Elizabeth Smither. Photo / Jane Dove Juneau
The Piano Girls
by Elizabeth Smither
(Quentin Wilson Publishing, $35)
Elizabeth Smither's contribution to the ecosystem of New Zealand literature is immense— award-winning poetry, six novels, six short story collections, as well as memoirs. Her new story collection, The Piano Girls, is dense with linked melodies and recurring motifs. Each story is
composed with the gentle touch and elegance of an assured writer.

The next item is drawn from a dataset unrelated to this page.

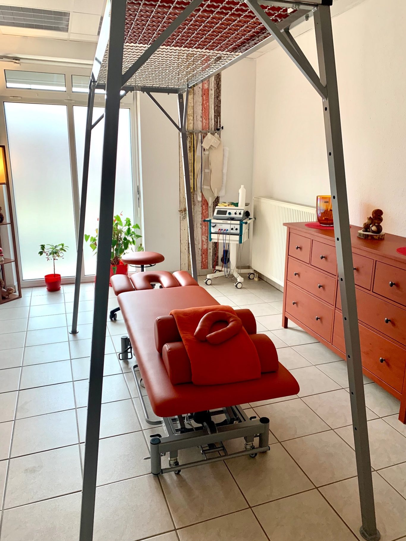 Alle Therapieräume sind mit modernen Geräten, ausreichenden Kleiderablagen und mit Sitzmöglichkeiten ausgestattet.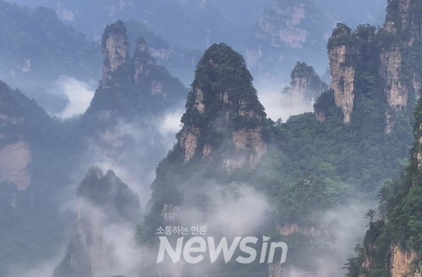 [뉴스인] 민경찬 기자 = 21일 새벽(현지시간) 중국 후난성에 비가 내린 후 장자제(장가계) 국가삼림공원 산과 숲 사이로 안개가 피어올라 한 폭의 그림 같은 풍경이 연출되고 있다. (사진=신화통신)

The book is brimming with tales - 20 stories -and relationships, both familial and romantic. In the title story, three daughters commemorate their late mother by playing a piano recital on her birthday each year. The role of mother is further explored in the stories "Gravy" and "Toothpaste", and Smither worries at the burdens and intricacies of the maternal, exposing hard truths.
Fathers often show their face in Smither's stories only to dole out money. In both "Money" and "The Hotel", fathers give loans along with unwelcome advice, although one character finds the lesson learned from her father - "A fool and his money are soon parted" - continues to influence her long after his death.

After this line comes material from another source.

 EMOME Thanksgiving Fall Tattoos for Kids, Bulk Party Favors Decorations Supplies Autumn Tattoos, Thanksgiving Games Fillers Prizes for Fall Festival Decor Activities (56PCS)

In "The Hotel", Rosie is taken by her boyfriend to a sumptuous and expensive lodge near the mountains. She's wined and dined and although she's aware something significant will occur on the trip, she understands it'll only happen on a timeline of his choosing. At no point in the story does Rosie have autonomy over her destiny — and when the blow is dealt, it's done with Smither's classic pianissimo gentleness. Love, as Amy Winehouse once sang, is sometimes a losing game.